Inference Example with Datasets

Contents

Inference Example with Datasets#

This example demonstrates how to use the Python SDK to upload a dataset, submit a batch inference job, and download the results.

Submitting the Job#

from import sutro as so

so.set_api_key("sk_******") # you can skip this if you set your key via `sutro login`

# create a dataset
dataset_id = so.create_dataset()
# Note: both files must have the same schema
so.upload_to_dataset(dataset_id, ["file1.parquet", "file2.parquet"])

system_prompt = "Label the following text as positive or negative."

json_schema = {
    "type": "object",
    "properties": {
        "label": {"type": "string", "enum": ["positive", "negative"]}
    },
    "required": ["label"]
}

# submit a batch inference job
so.infer(dataset_id, column="prompt", model="llama-3.2-3b", system_prompt=system_prompt, output_schema=json_schema, job_priority=1)

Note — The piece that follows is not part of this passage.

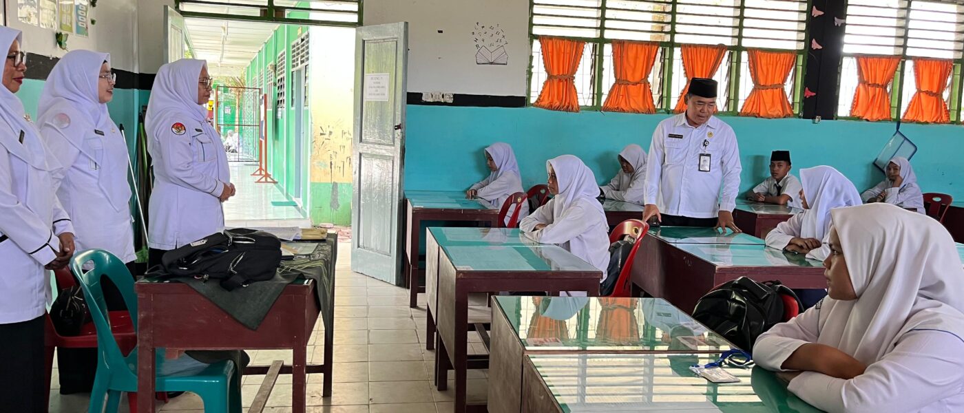 Kakankemenag Labuhanbatu Utara Agus Priadi, S.Ag, M.Si memantau secara langsung pelaksanaan ujian madrasah di MTsN 2 Labuhanbatu Utara.

Checking the Status of the Job#

You can either poll for the status of the job, or periodically check in via sutro jobs status <job_id> in the CLI or web app.

import time
import sutro as so

job_id = so.infer(
    inputs="my_file.csv",
    column="reviews",
    system_prompt="Classify the review as positive, neutral, or negative.",
    job_priority=1,
)

# Single check
status = so.get_job_status(job_id)
print(status)
# >> STARTING

# Use `await_job_completion` (blocking) to poll for status updates and
# retrieve results once they're ready
results = so.await_job_completion(job_id)

Downloading the Results#

Once the job is done, you can download the results:

import sutro as so

dataset_id = "dataset-8be.."

# download the results, which will be in the output_dir directory, and will be named the same as the files in the dataset.
so.download_from_dataset(dataset_id, output_path="output_dir")

# you can inspect the inference results

df = pl.read_parquet("output_dir/*.parquet")

for row in df.iter_rows(named=True):
    print(f"prompt: {row['prompt']}, label: {row['inference_result']['label']}")
    break